Return to New TLD Agreements Forum - Message Thread - FAQ

Username: Gregory W. Krajewski
Date/Time: Wed, February 20, 2002 at 9:44 PM GMT
Browser: Microsoft Internet Explorer V5.01 using Windows 98
Score: 5
Subject: Interesting article in magazine about the marketing of the dot-info domain (interesting)

Message:
 

 
I was eating my wheaties this morning and reading my monthly copy of Sales and Marketing Management, only to find a article about what Afilias is doing on the marketing of the dot-info domain.  I shall reserve my comments.  (I think this article does support my theory on the dot biz name potential for success with marketers)
______________________________________________________________________Article from Sales and Marketing Management Magazine, February 2002 issue
http://www.salesandmarketing.com
The Domain Game
“The dot-info domain will be a hit with e-marketers”
by Kathleen Cholewka

In November, New York’s Metropolitan Transit Authority, the organization that runs the city’s sprawling subway system, traded in its complicated URL:  http://www.mta.nyc.ny.us for http://www.mta.info , and the site got a massive traffic boost—it jumped from 200,000 hits a day to 3.5 million.

But that’s only one way to use the new domain.  Eager to put dot-coms and the associated bad economics in the past, some marketers are coming up with even smarter uses for the new dot-info suffix, using it to track the success of specific ads, or as a wireless portal to their online channel.  For example, when Subaru wanted to promote its new car model, the WRX, it built a dot-info microsite, http://www.wrx.info, to help consumers find out about the product easily (not to mention that the www.wrx.com address had been taken by a radio station in 1995).  Subaru’s other microsite, http://www.all-wheeldrive.info provides detailed information on the drive system that Subaru uses in many of its vehicles.

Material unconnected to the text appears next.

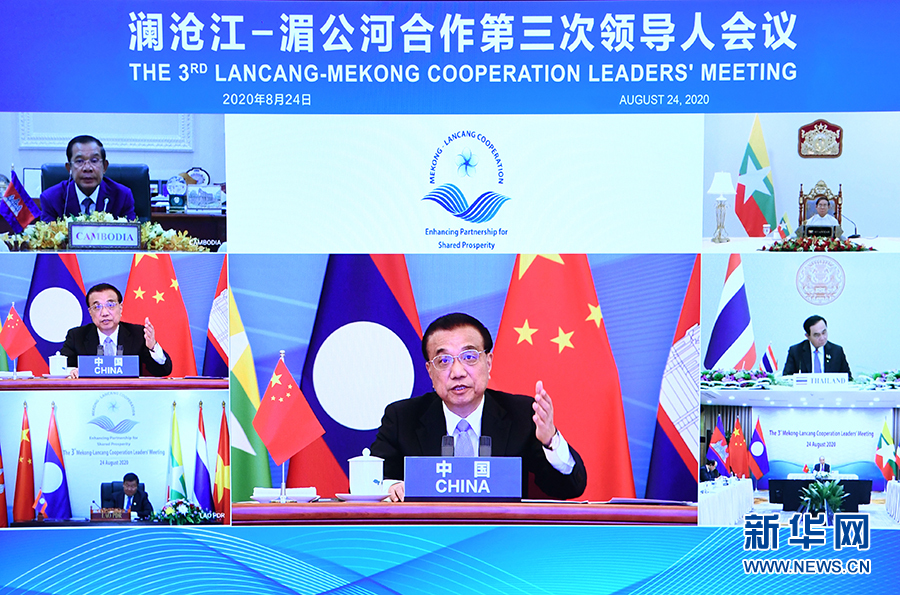 8月24日,國(guó)務(wù)院總理李克強(qiáng)在北京人民大會(huì)堂出席瀾滄江-湄公河合作第三次領(lǐng)導(dǎo)人視頻會(huì)議。李克強(qiáng)和老撾總理通倫共同主持會(huì)議。柬埔寨首相洪森、緬甸總統(tǒng)溫敏、泰國(guó)總理巴育、越南總理阮春福出席。 新華社記者 饒愛(ài)民 攝

Roland LaPlante, chief marketing officer at Afilias, the consortium of 18 of the world’s leading registrars who own the dot-info name, suggests companies consider spurring mobile commerce by using a dot-info site to attract wireless users to their web content.  “Our studies have shown that Internet users actually prefer dot-info to dot-com” La Plante says.  So far Laplante claims that nearly 70 percent of the world’s most valuable brands have already registered a dot-info domain.

______another article which was directly below the one above________

Sales and Marketing Management Magazine, February 2002 issue
Maximize on a microsite
“Use a mini-web site to track your marketing impact”
written by K.C (Kathleen Cholewka)

For Web-based promotions, instead of making changes to your already complicated corporate dot-com Web site, which can be a headache for you and for the IT department, Afilias recommends that marketers use a dot-info Web address as a microsite, or a Web page created specifically to track a particular promotion.  Just like mail stops on a direct mailer, microsites can enable marketers to see exactly which visitors respond online to specific campaigns and when.  In addition, the sites can be set up to notify marketers when respondents log onto the site.  “Microsites are good to use for tracking purposes”, says Mischelle Davis, director of North American Marketing at New World Commerce, a marketing firm in Bellevue, Washington, which sells a software template for building microsites.  “You can send out a direct mailer with the special URL listed, and then find out how many people went to the page in response to it,” she says. “And once they’ve visited the site, you can track what they do there.